• [What the task asks]
Taking the line with "at 90 degrees" as the first and the line with "Обычные лопаты и" as the last, set down the lines below exactly, pictures excluded.

• [Stored data]
————

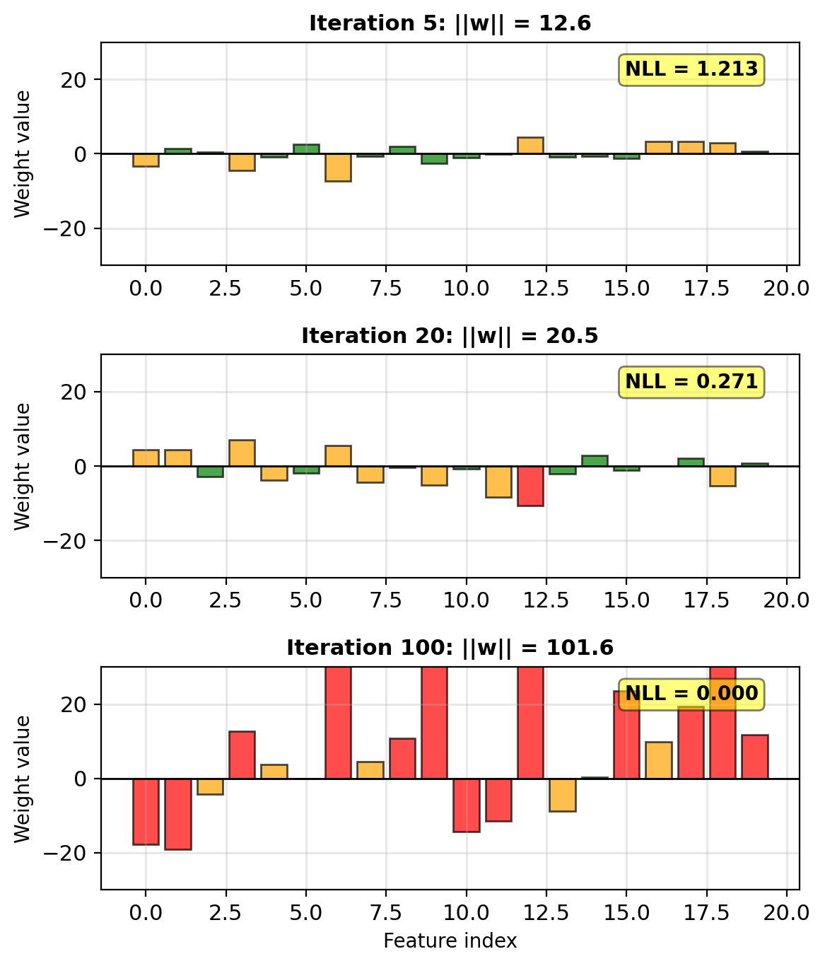 y = (X @ w_true + noise > 0).astype(int)What happens during optimization:
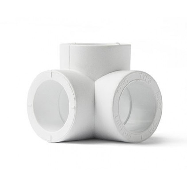 Полипропиленовый фитинг - тройник для разветвления полипропиленового трубопровода в двух плоскостях (тройник двухплоскостной). Монтаж производится методом раструбной сварки. Свариваемые поверхности - внутренние.
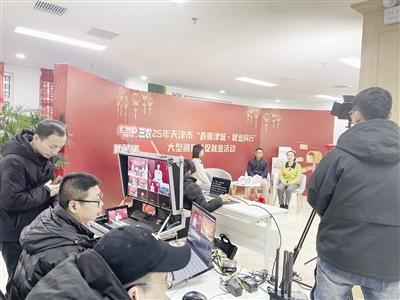 在创业对接活动区,创业孵化基地集中进行宣传服务对接,相关金融服务机构为有贷款需求的企业提供政策咨询、现场答疑解惑。直播带岗专区则在室内现场搭建起了直播矩阵开展直播带岗,主播线上发布就业岗位和政策咨询,同时带领广大求职者“云”逛会,求职者通过抖音平台直播间就能线上投递简历。直播以政府服务+媒体宣传的形式,助力农民工等重点群体的高质量充分就业。在劳务品牌展示区,“小站稻种植师”“杨柳青年画师”“七里海河蟹面制作师”“骆驼房子烧鸡制作师”等8家具有天津特色劳务品牌在专区进行现场展示。非遗“盘扣”被嵌入画框之中,犹如一幅画作,氤氲着含蓄和典雅。一位前来找工作的女士说,她平时喜欢做手工,随着人们对中式服装的喜爱,盘扣手工技艺也一定会有就业空间。
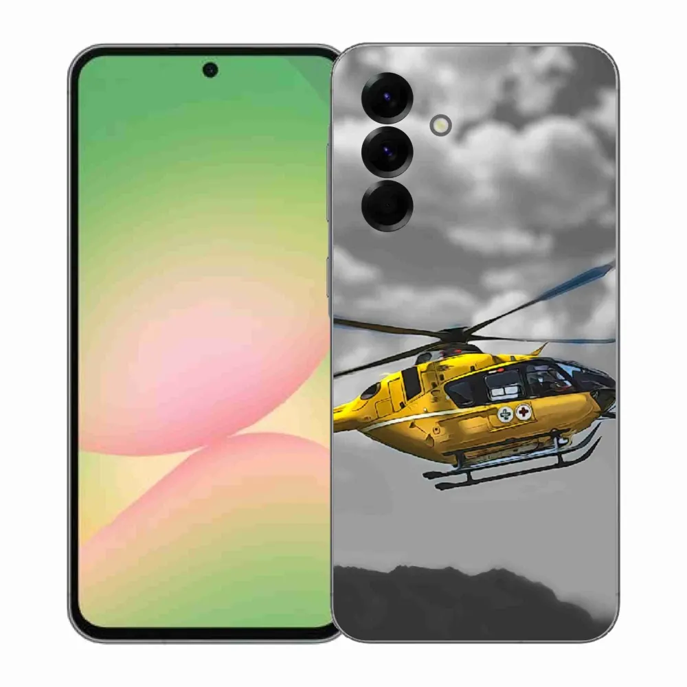 Pružný gélový obal mmCase s obrázkom na Samsung Galaxy A57 5G - žltá helikoptéra
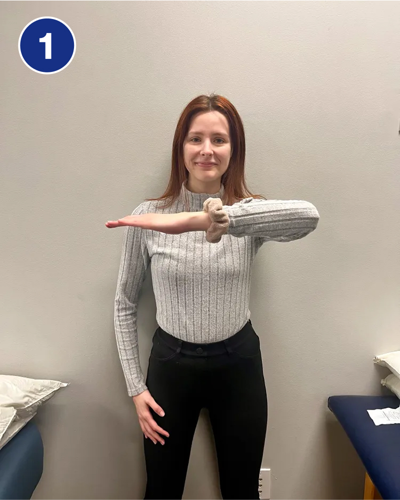 • Lift one arm up and in front of your body with your elbow flexed at 90 degrees
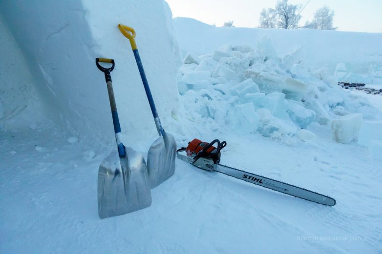 Обычные лопаты и бензопила — пожалуй, основные инструменты. Рядом — куча бесформенного льда, которая через некоторое время превратится в произведения искусства.
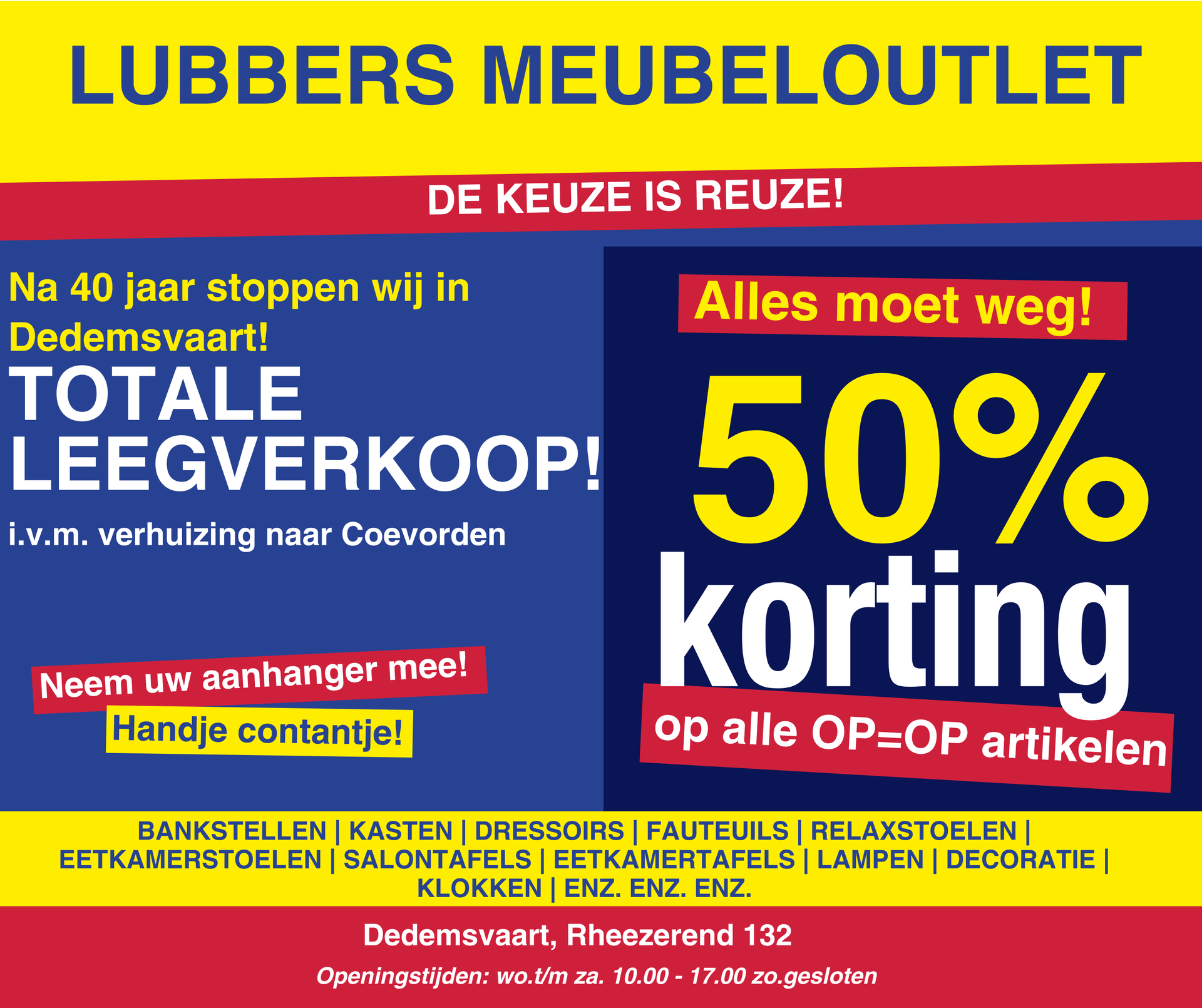Lubbers meubeloutlet in Coevorden en Dedemsvaart u kunt bij ons terecht voor: meubelen, stoelen, tafels, Eettafels, Bankstellen, Relaxstoelen, decoraties. onze winkel Lubbers meubelen heeft een regio functie voor Overijssel : Aadorp, Almelo, Bornerbroek, Mariaparochie, Borne, Hertme, Zenderen, Dalfsen, Lemelerveld, Nieuwleusen, Ankum, Emmen, Hoonhorst, Oudleusen, Bathmen, Colmschate, Deventer, Diepenveen, Lettele, Okkenbroek, Schalkhaar, Denekamp, Deurningen, Lattrop, Ootmarsum, Rossum, Saasveld, Tilligte, Weerselo, Noord-Deurningen, ’t Stift, Enschede, Boekelo, Glanerbrug, Lonneker, Usselo, Haaksbergen, Buurse, Sint Isidorushoeve, Ane, Balkbrug, Bergentheim, Bruchterveld, Dedemsvaart, De krim, Gramsbergen, Hardenberg, Hoogenweg, Kloosterhaar, Lutten, Mariënberg, Schuinesloot, Sibculo, Slagharen, Daarle, Daarlerveen, Haarle, Hellendoorn, Nijverdal, Hulsen, Hengelo, Beckum, Ambt Delden, Bentelo, Delden, Diepenheim, Goor, Hengevelde, Markelo, Azelo, Grafhorst, IJsselmuiden, Kampen, ’s-Heerenbroek, Wilsum, Zalk, De Zande, Zuideinde, Beuningen, De Lutte, Glane, Losser, Overdinkel, Glane-Beekhoek, Oldenzaal, Olst, Welsum, Wesepe, Wijhe, Boerhaar, Den Nul, Elshof, Herxen, Beerze, Beerzerveld, Lemele, Ommen, Vilsteren, Witharen, Broekland, Heeten, Heino, Laag Zuthem, Liederholthuis, Luttenberg, Mariënheem, Nieuw-Heeten, Raalte, Holten, Rijssen, Dijkerhoek, IJhorst, Punthorst, Rouveen, Staphorst, Slingenberg, Basse, Belt-Schutsloot, Blankenham, Blokzijl, Eesveen, Giethoorn, Kalenberg, Kallenkote, Kuinre, Oldemarkt, Onna, Ossenzijl, Scheerwolde, Steenwijk, Steenwijkerwold, Sint-Jansklooster, Vollenhove, Wanneperveen, Willemsoord, Witte Paarden, Dwarsgracht, Heetveld, Albergen, Fleringen, Geesteren, Harbrinkhoek, Langeveen, Manderveen, Mariaparochie, Reutum, Tubbergen, Vasse, Den Ham, Geerdijk, Vriezenveen, Vroomshoop, Westerhaar, De Pollen, Vriezenveensewijk, Enter, Hoge Hexel, Wierden, Genemuiden, Hasselt, Zwartsluis, Kamperzeedijk, Zwolle, Wijthem, Windesheim, 't Haantje, Aalden, Alteveer, Amen, Anderen, Anloo, Annen, Annerveensche Kanaal, Ansen, Assen, Balinge, Balloërveld, Balloo, Barger-Compascuum, Beilen, Benneveld, Borger, Boschoord, Bovensmilde, Broekhuizen, Bronneger, Bronnegerveen, Bruntinge, Buinen, Buinerveen, Bunne, Coevorden, Dalen, Dalerpeel, Dalerveen, Darp, De Groeve, De Kiel, De Punt, De Schiphorst, De Wijk, Deurze, Diever, Dieverbrug, Diphoorn, Doldersum, Donderen, Drijber, Drogteropslagen, Drouwen, Drouwenermond, Drouwenerveen, Dwingeloo, Echten dr, Eelde, Eelderwolde, Een, Een-West, Eerste Exloërmond, Ees, Eesergroen, Eeserveen, Eext, Eexterveen, Eexterveensche Kanaal, Eexterzandvoort, Ekehaar, Eldersloo, Eleveld, Elim, Elp, Emmen, Emmer-Compascuum, Erica, Erm, Eursinge gem de Wolden, Eursinge gem Midden-Drenthe, Exloërveen Exloo, Fluitenberg, Foxwolde, Frederiksoord Garminge, Gasselte, Gasselternijveen, Gasselternijveenschemond, Gasteren, Geelbroek, Gees, Geesbrug, Geeuwenbrug gem Diever, Gieten, Gieterveen, Grolloo, Havelte, Havelterberg, Hijken, Hollandscheveld, Holsloot, Hoogersmilde, Hoogeveen, Hooghalen Huis ter Heide, Kerkenveld, Klazienaveen, Klazienaveen-Noord, Klijndijk, Koekange, Langelo, Leutingewolde, Lieveren, Linde, Loon, Mantinge, Marwijksoord, Matsloot, Meppel, Meppen, Midlaren, Nietap, Nieuw Dordrecht Nieuw-Amsterdam, Nieuw-Annerveen, Nieuw-Balinge, Nieuw-Buinen, Nieuw-Roden, Nieuw-Schoonebeek, Nieuw-Weerdinge, Nieuwediep, Nieuweroord, Nieuwlande, Nieuwlande gem Coevorden, Nijensleek, Nijeveen, Nijlande, Nooitgedacht, Noord-Sleen, Noordscheschut, Norg, Odoorn, Odoornerveen, Oosterhesselen, Oranje Oud-Annerveen, Oude Willem, Oudemolen, Papenvoort, Paterswolde, Peest, Peize, Pesse, Rhee Roden, Roderesch, Roderwolde, Rogat, Rolde, Roswinkel, Ruinen, Ruinerwold, Schipborg, Schoonebeek, Schoonloo, Schoonoord, Sleen, Smilde, Spier, Spijkerboor, Steenbergen gem Noordenveld, Stieltjeskanaal, Stuifzand, Taarlo, Ter Aard, Tiendeveen, Tweede Exloërmond, Tweede Valthermond, Tynaarlo Ubbena, Uffelte, Valthe, Valthermond, Veenhuizen, Veeningen, Veenoord, Vledder, Vledderveen, Vredenheim, Vries, Wachtum, Wapse, Wapserveen, Wateren, Weiteveen, Westdorp, Westerbork, Westervelde, Wezup, Wezuperbrug, Wijster, Wilhelminaoord, Winde, Wittelte Witteveen, Yde, Zandberg, Zandpol, Zeegse, Zeijen Zeijerveen, Zeijerveld, Zorgvlied, Zuidlaarderveen, Zuidlaren, Zuidveld, Zuidvelde, Zuidwolde, Zwartemeer, Zweeloo, Zwiggelte, Zwinderen
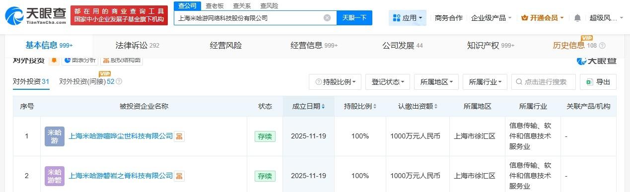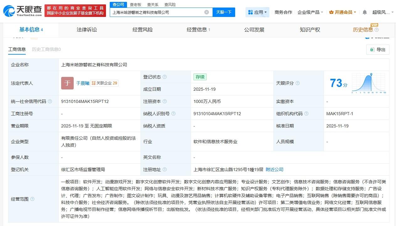 米哈游在上海成立两家科技公司 天眼查工商信息显示,近日,上海米哈游喧哗尘世科技有限公司、上海米哈游磐岩之脊科技有限公司成立,法定代表人均为于晨曦,注册资本均为1000万人民币,经营范围包括数字文化创意软件开发、数字文化创意内容应用服务、广播电视节目制作经营等。股东信息显示,上述两公司均由上海米哈游网络科技股份有限公司全资持股。 天眼查信息:
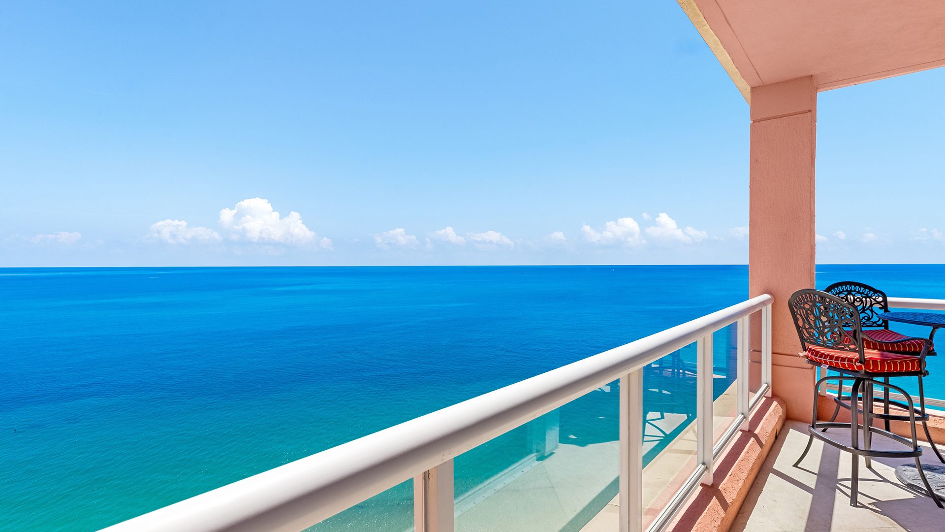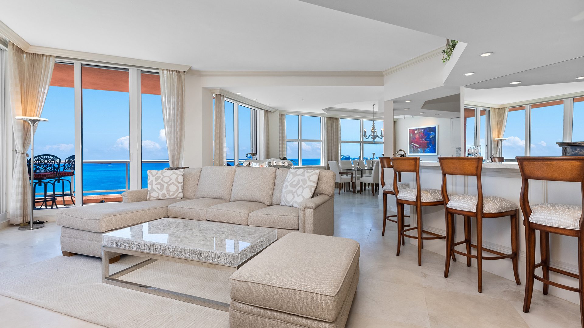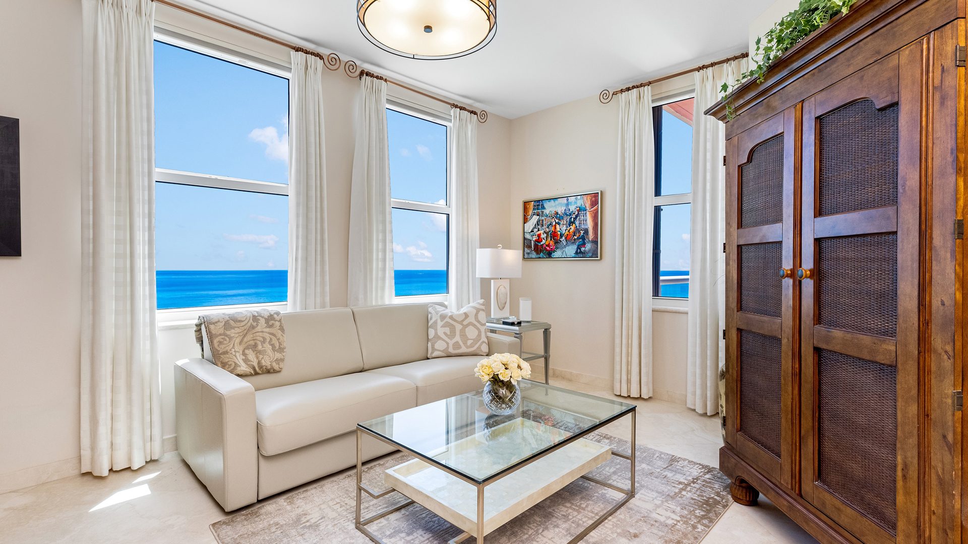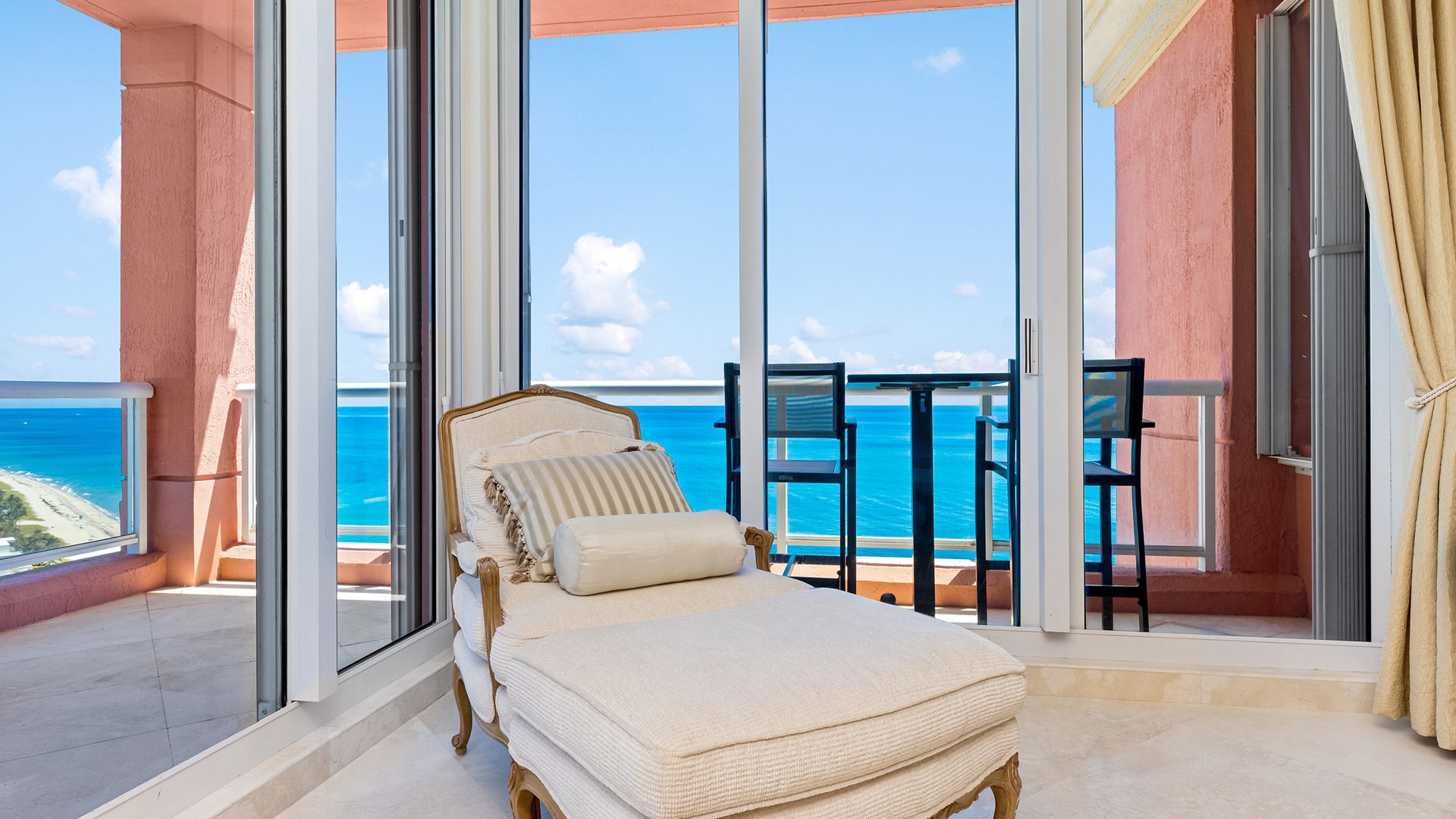 Floating high above the Atlantic on the 24th floor, this stunning sub-penthouse residence at The Palms Tower Two offers panoramic ocean views and a lifestyle defined by sophistication and serenity. Featuring the desirable East Florence floor plan, this beautifully furnished 3-bedroom, 2.5-bath condo is bathed in natural light from walls of windows that frame the vibrant colors of the sea and sky.

————

• [Task result]
 • Lift one arm up and in front of your body with your elbow flexed at 90 degrees
 Обычные лопаты и бензопила — пожалуй, основные инструменты. Рядом — куча бесформенного льда, которая через некоторое время превратится в произведения искусства.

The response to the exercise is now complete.